Recorded data:
****************

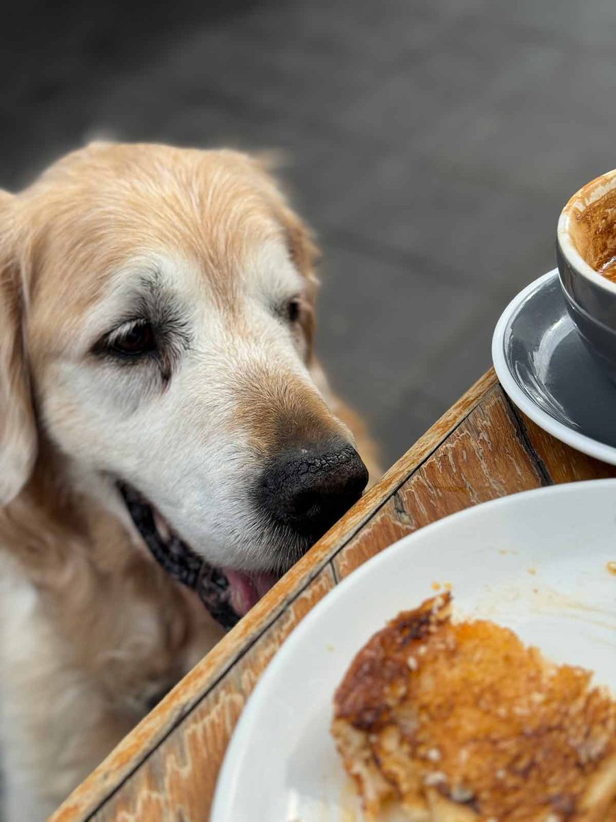 Dozer’s brunch strategy – patience and persistence. (Proven highly effective all his life!)
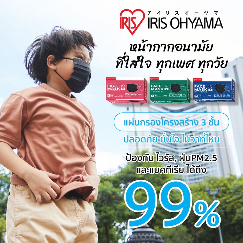 • มีแผ่นกรอง 3 ชั้น อนุภาค 0.1 ไมครอน 99%
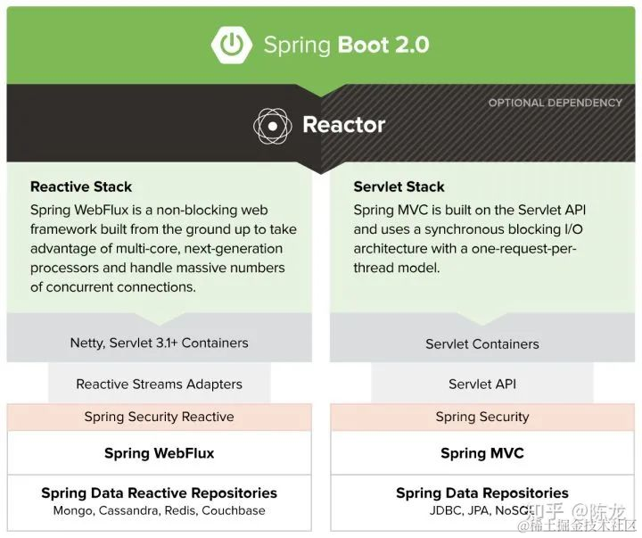 上图左侧是 Spring 5 新引入的 Spring WebFlux,右侧是大家熟悉的 Spring MVC,两者并列,Spring 同时支持。
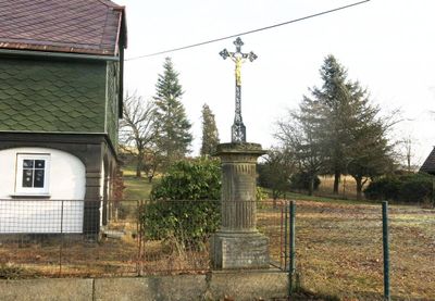 Kříž u domu 375 v části Leopoldka, pamětní kříž v obci Velký Šenov, okres Děčín
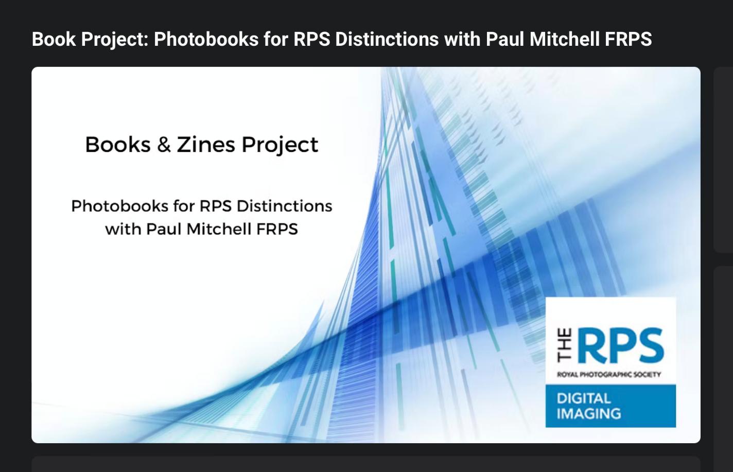 A chance to find out the criteria for an RPS PhotoBooks Distinction from Paul Mitchell FRPS who sits on the Distinctions panel for PhotoBooks. Saturday October 13 at 14:00
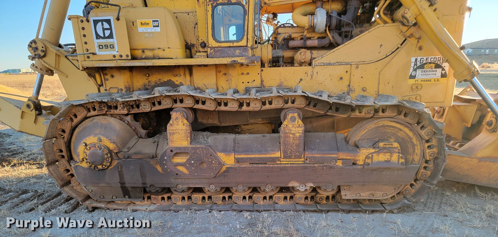 1973 Caterpillar D9G dozer. Hours: 2,734 on meter, Serial: 66A13158. Engine Caterpillar, Cylinders: 6, Fuel type: Diesel. Transmission Powershift, 3F - 3R. Operators station Enclosed cab, Heat, Steering: Clutch brake. Features Dozer blade Type: Straight, Width: 128" W, Attachments Ripper CRC, Shanks: 1.. Tracks Width: 24", Grouser pads: Single, Bottom rollers: 7. Notes Glass cracked, Maintenance records available upon request to Andy at [email protected]. AGE Corporation. 704 US-14. Fort Pierre, SD 57532
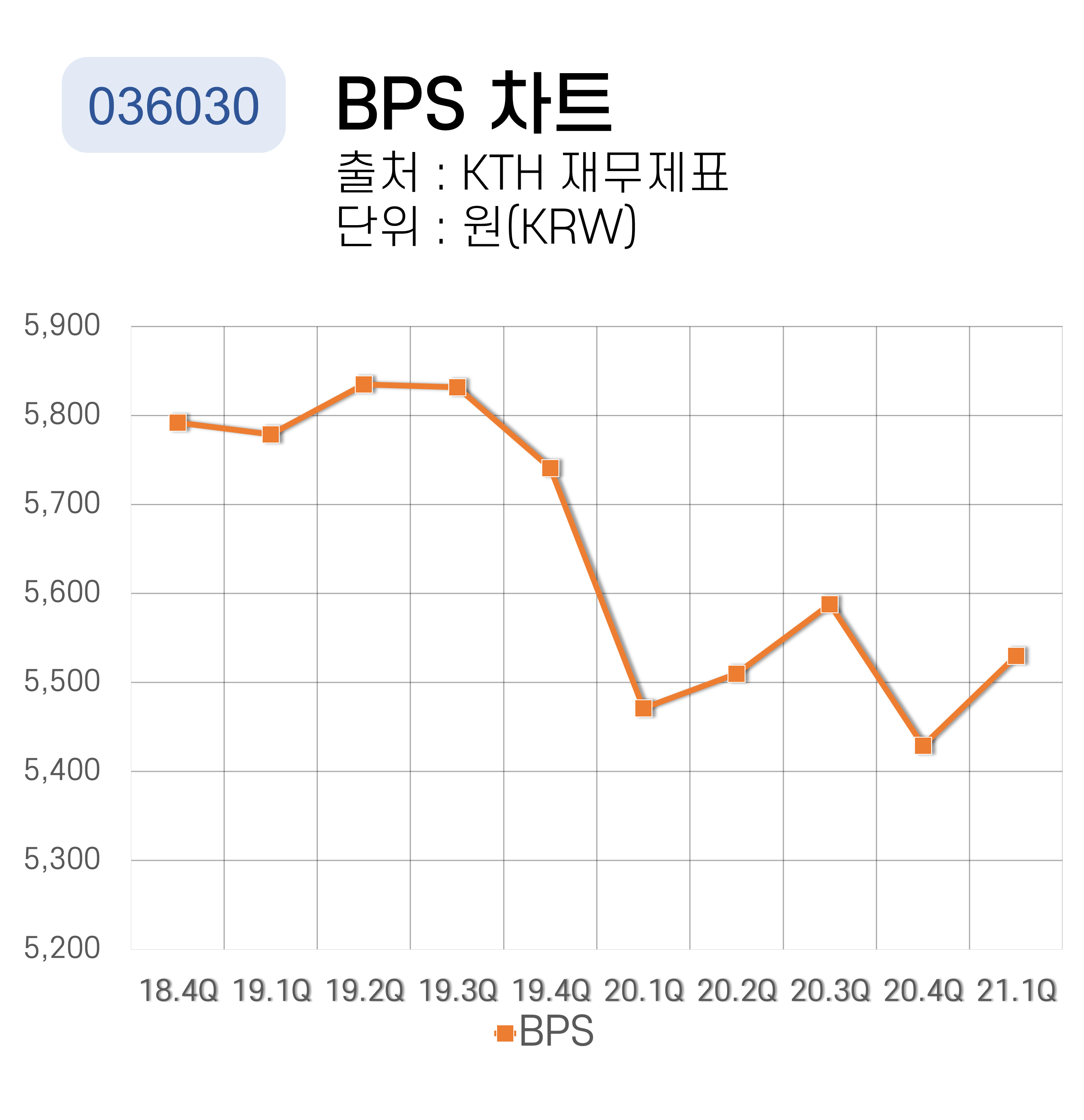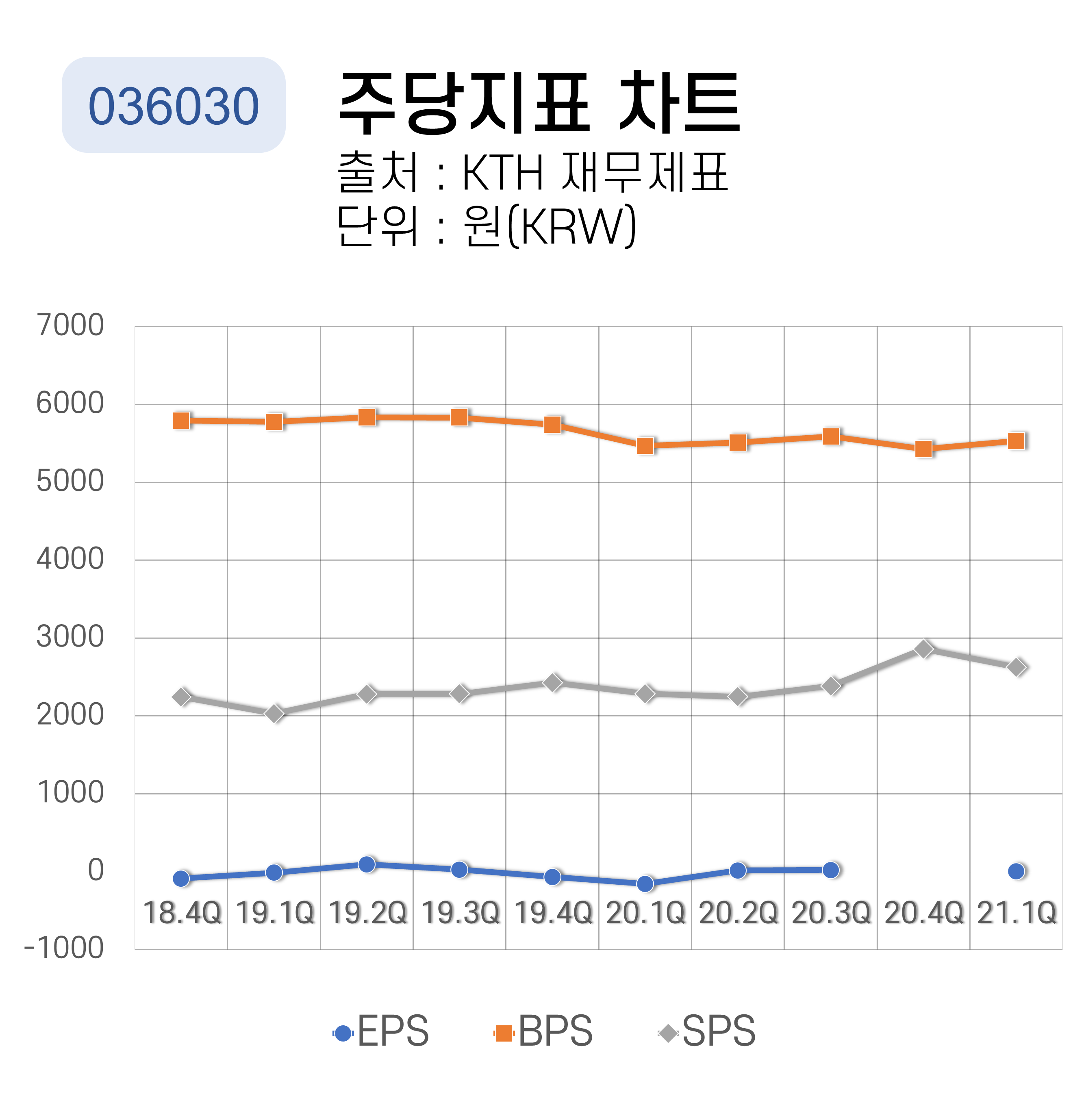 KTH의 주당지표를 총평하겠습니다. EPS 지표와 SPS 지표는 횡보 중이지만 BPS 지표는 하락 추세입니다.
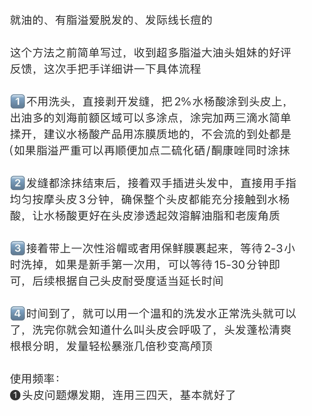 1️⃣不用洗头,直接剥开发缝,把2%水杨酸涂到头皮上,出油多的刘海前额区域可以多涂点,涂完加两三滴水简单揉开,建议水杨酸产品用冻膜质地的,不会流的到处都是(如果脂溢严重可以再顺便加点二硫化硒/酮康唑同时涂抹
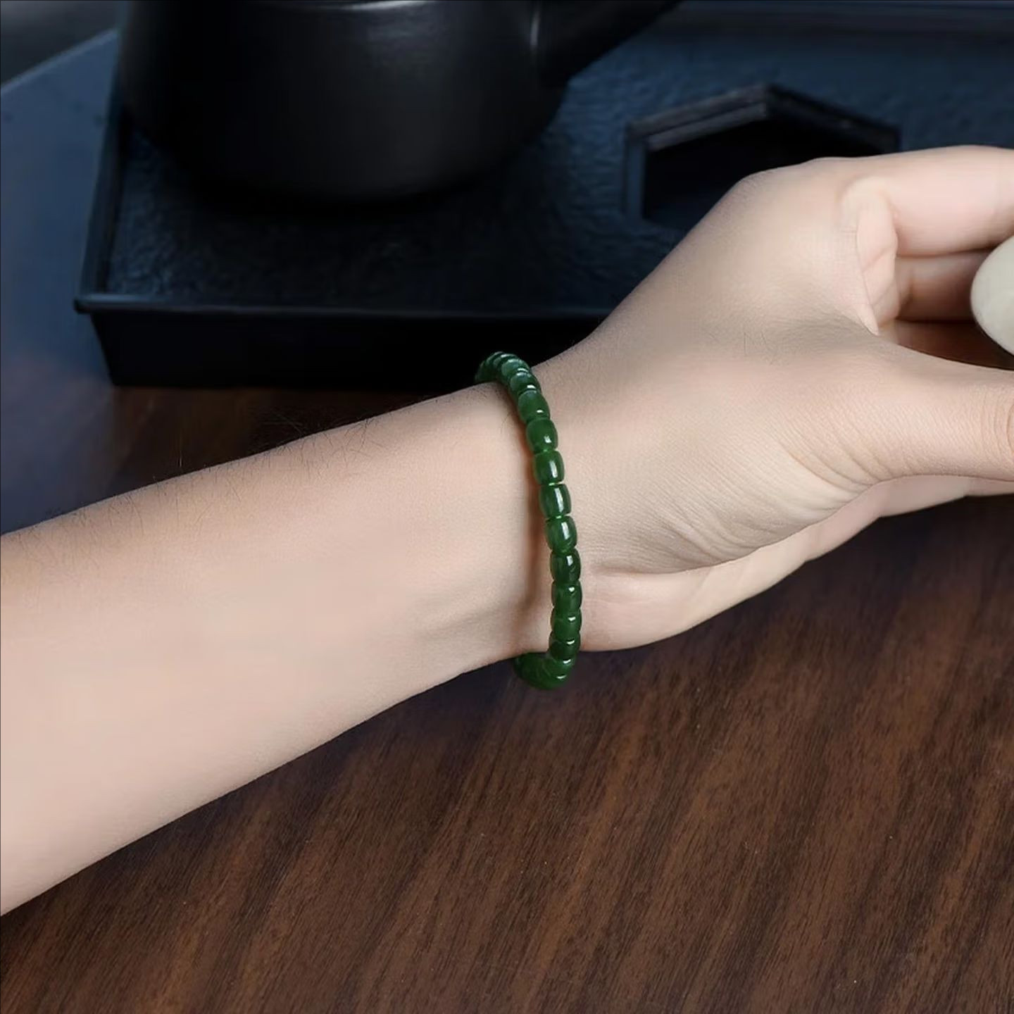 正品新疆和田碧玉手串直切俄料手链送妈妈女友礼物国风气质带证书

****************

* **Task description**
Would you copy, word for word, only the lines above from the one containing "Kříž u domu" through the one containing "KTH의 주당지표를 총평하겠습니다.", both included, and please leave out the pictures?

* **Output for this task**
 Kříž u domu 375 v části Leopoldka, pamětní kříž v obci Velký Šenov, okres Děčín
 A chance to find out the criteria for an RPS PhotoBooks Distinction from Paul Mitchell FRPS who sits on the Distinctions panel for PhotoBooks. Saturday October 13 at 14:00
 1973 Caterpillar D9G dozer. Hours: 2,734 on meter, Serial: 66A13158. Engine Caterpillar, Cylinders: 6, Fuel type: Diesel. Transmission Powershift, 3F - 3R. Operators station Enclosed cab, Heat, Steering: Clutch brake. Features Dozer blade Type: Straight, Width: 128" W, Attachments Ripper CRC, Shanks: 1.. Tracks Width: 24", Grouser pads: Single, Bottom rollers: 7. Notes Glass cracked, Maintenance records available upon request to Andy at [email protected]. AGE Corporation. 704 US-14. Fort Pierre, SD 57532
 KTH의 주당지표를 총평하겠습니다. EPS 지표와 SPS 지표는 횡보 중이지만 BPS 지표는 하락 추세입니다.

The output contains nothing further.